In certain embodiments, hybridization is performed at low stringency, such as 6×SSPET at 37° C. (0.005% Triton X-100), to ensure hybridization, and then subsequent washes are performed at higher stringency (e.g., 1×SSPET at 37° C.) to eliminate mismatched hybrid duplexes. Successive washes may be performed at increasingly higher stringency (e.g., down to as low as 0.25×SSPET at 37° C. to 50° C.) until a desired level of hybridization specificity is obtained. Stringency can also be increased by addition of agents such as formamide. Hybridization specificity may be evaluated by comparison of hybridization to the test probes with hybridization to the various controls that may be present, as described below (e.g., expression level control, normalization control, mismatch controls, etc.).
In general, there is a tradeoff between hybridization specificity (stringency) and signal intensity.
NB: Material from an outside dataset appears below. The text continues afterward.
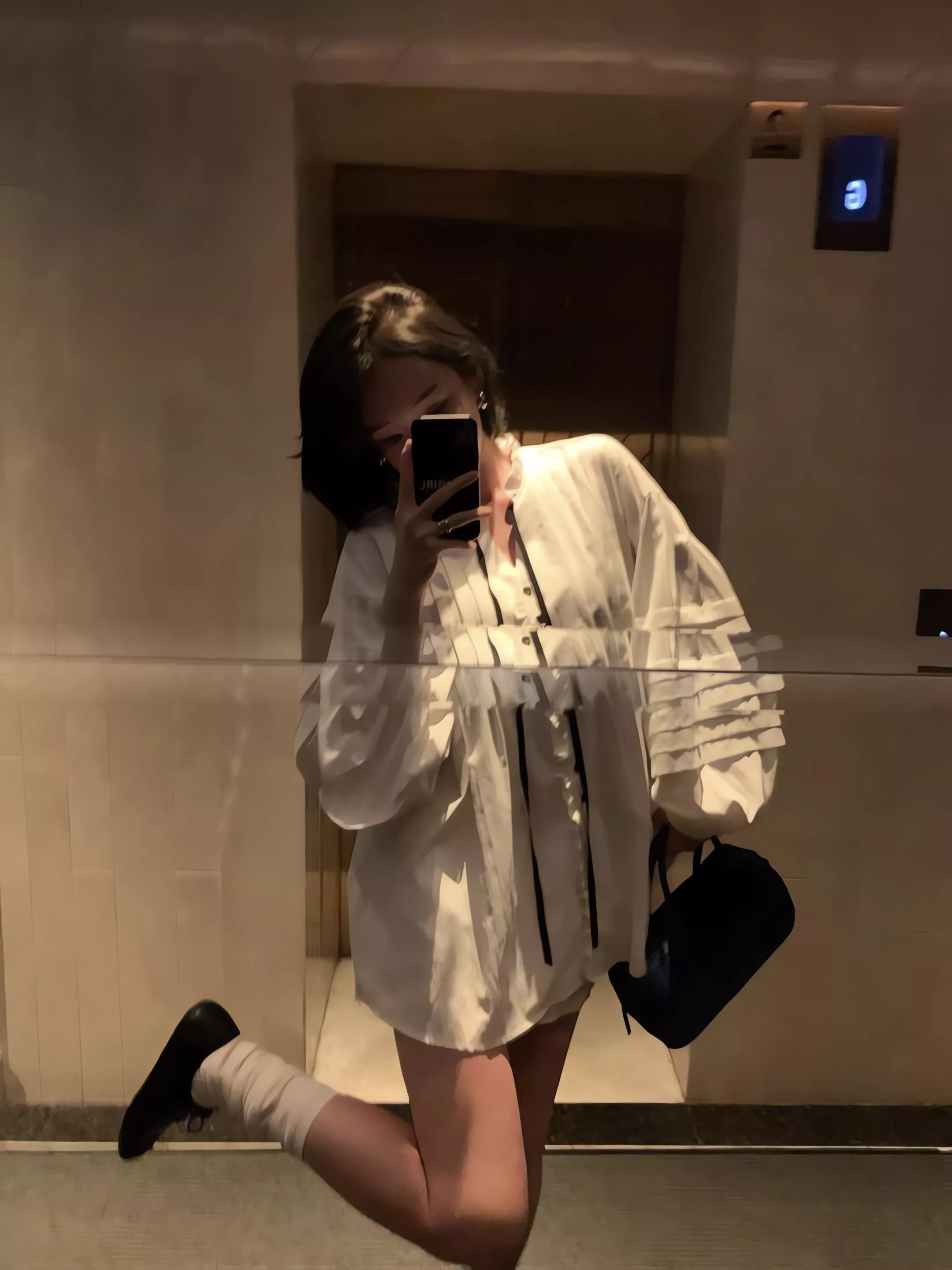 全白的衣服最怕單調,但這件因為有很多褶子,在陽光下會有陰影的層次感,看起來很有質感。

Thus, in a preferred embodiment, the wash is performed at the highest stringency that produces consistent results and that provides a signal intensity greater than approximately 10% of the background intensity. The hybridized array may be washed at successively higher stringency solutions and read between each wash. Analysis of the data sets thus produced will reveal a wash stringency above which the hybridization pattern is not appreciably altered and which provides adequate signal for the particular oligonucleotide probes of interest.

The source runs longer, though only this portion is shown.